High-Tech Hospital Of The Future?
from the it's-about-time dept
Last year we wrote about the idea of computerizing hospital records and getting rid of all the paper. The big concern that everyone seemed to have was about privacy. However, as someone pointed out in that article, with paper records anyone in the hospital can probably just pick them up and read them (especially if you’re wearing a white coat). That sentiment is echoed in this new article about how the Indiana Heart Hospital has ditched the paper trail and gone digital. They’ve found the advantages to computerizing everything to be extensive. For example, any time a prescription is written, the computer checks for possible conflicts/allergies and immediately alerts the doctor. Someone in this article also makes the point about privacy saying, “we have an audit trail so that anyone who ever looks at your chart, we can tell who it was and when it was. Whereas with a paper chart, anybody can look at it and we’d never know who it was.” Of course, the big difference between digital records and paper records, though, is that the digital records can be duplicated and seen anywhere. The paper records work on a “security by obscurity” method since there are only a few localized copies.

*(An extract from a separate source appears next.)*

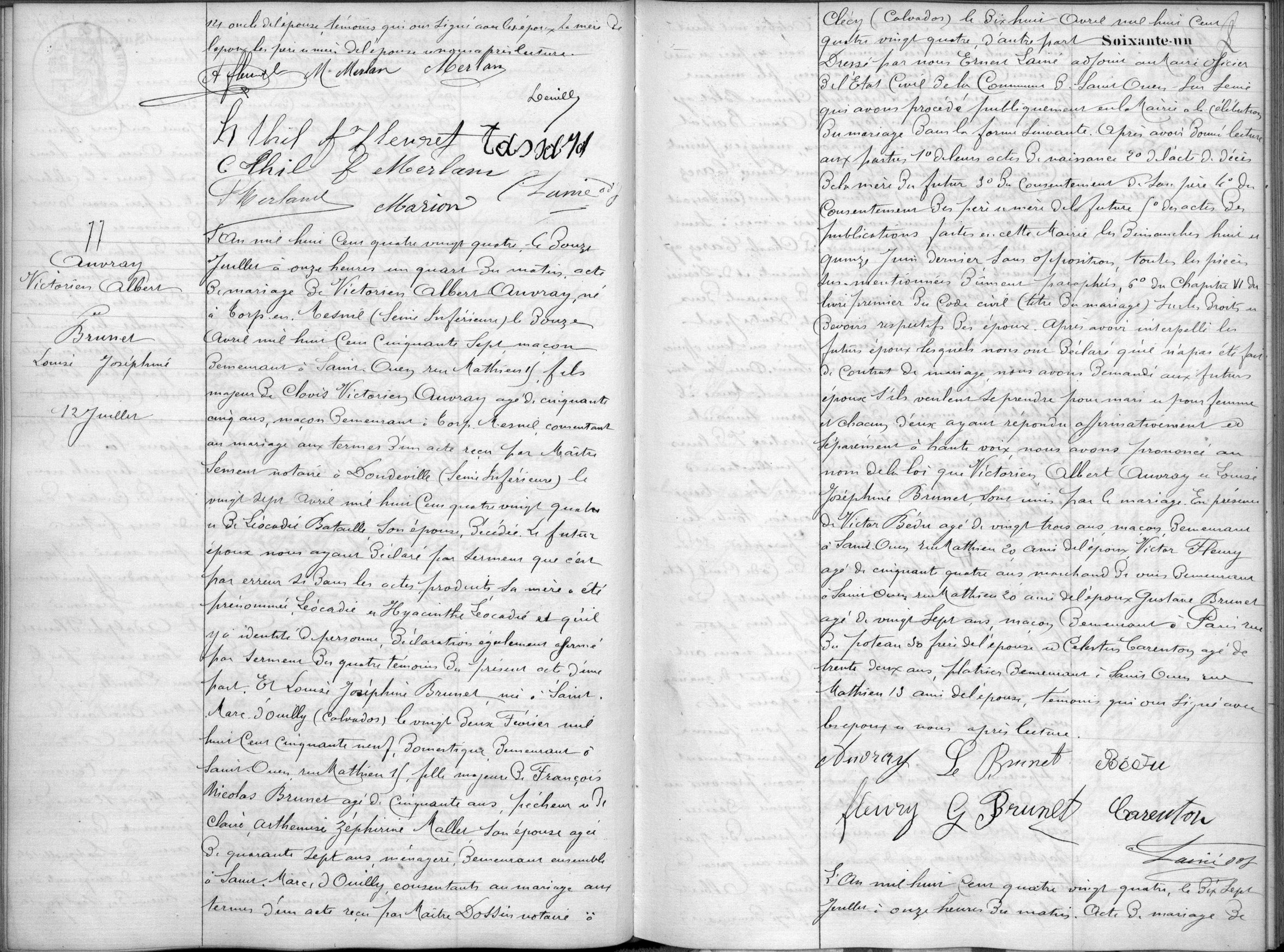 Dans ces pages, on apprend diverses choses intéressantes outre le détail des actes perpétrés par le nécrophile. Déjà, on constate que les racines du Mal ne s’enchevêtrent surement pas dans les siècles passés (on s’en doutait déjà hein, c’est juste un prétexte…) mais baignent tout simplement dans l’alcool. Une jeunesse un peu sombre gâchée par l’épilepsie et saccagée par l’alcool. Ce qui lui vaudra des circonstances atténuantes si j’ai bien compris. On apprend aussi que ses parents sont toujours vivants en 1886 puisqu’ils témoignent au procès. Que Henri est marié depuis juillet 1884 et a un enfant (et vit séparé de son épouse excédée par son alcoolisme). C’est ce détail qui m’a permis de continuer : juillet 1884, c’est suffisamment précis. J’ai donc cherché dans les archives municipales en ligne de Saint-Ouen qui proposent les numérisations des actes civils et paroissiaux de la ville. Toutes les villes ne font pas ça, déjà parce que toutes les villes ne maintiennent pas une copie des archives (passé 75 ans les archives stockées dans la mairie vont dans les archives départementales). Comme c’est le cas pour les archives de Saint-Ouen, ça veut dire qu’il y a un jeu d’archives qui est parti aux archives départementales et qu’il y a un jeu qui est conservé par la mairie de Saint-Ouen. Ou sinon, ils ont seulement conservé une copie de la numérisation. C’est probablement ça d’ailleurs maintenant que j’y réfléchis mais c’est quand même méritoire : il faut assumer la mise en ligne, le serveur, etc. Toutes les villes ne peuvent pas se le permettre. J’ai donc trouvé l’acte de mariage entre Henri BLOT et Eugénie CAREZ le 17 juillet 1884 à Saint-Ouen :

Comments on “High-Tech Hospital Of The Future?”
New set of problems
1. Do they back their data up? Stanford University Hospital once spent millions on an IT system from Cemax, but never thought to back their data up. When the server crashed, all records were lost forever, so the hospital dismantled their IT system. This scenario has happened at quite a few other (famous) hospitals where the doctors and MBA’s who run the hospital had no idea how computers work. A French hospital stored their server in a 14th-century dungeon, where rats ate it up. Hospitals are typically loathe to hire their own IT staff, or if they are hired, their needs are ignored — “those guys just want money”.
2. The fat fingering problem — a doctor, nurse, or other technician may check the wrong box on the digital clipboard without realizing it, leading to serious errors.
3. Misleading menus, faulty software logic — this could happen as a result of programmer incompetence, or even politically based confusion within the hospital for the appropriate protocol.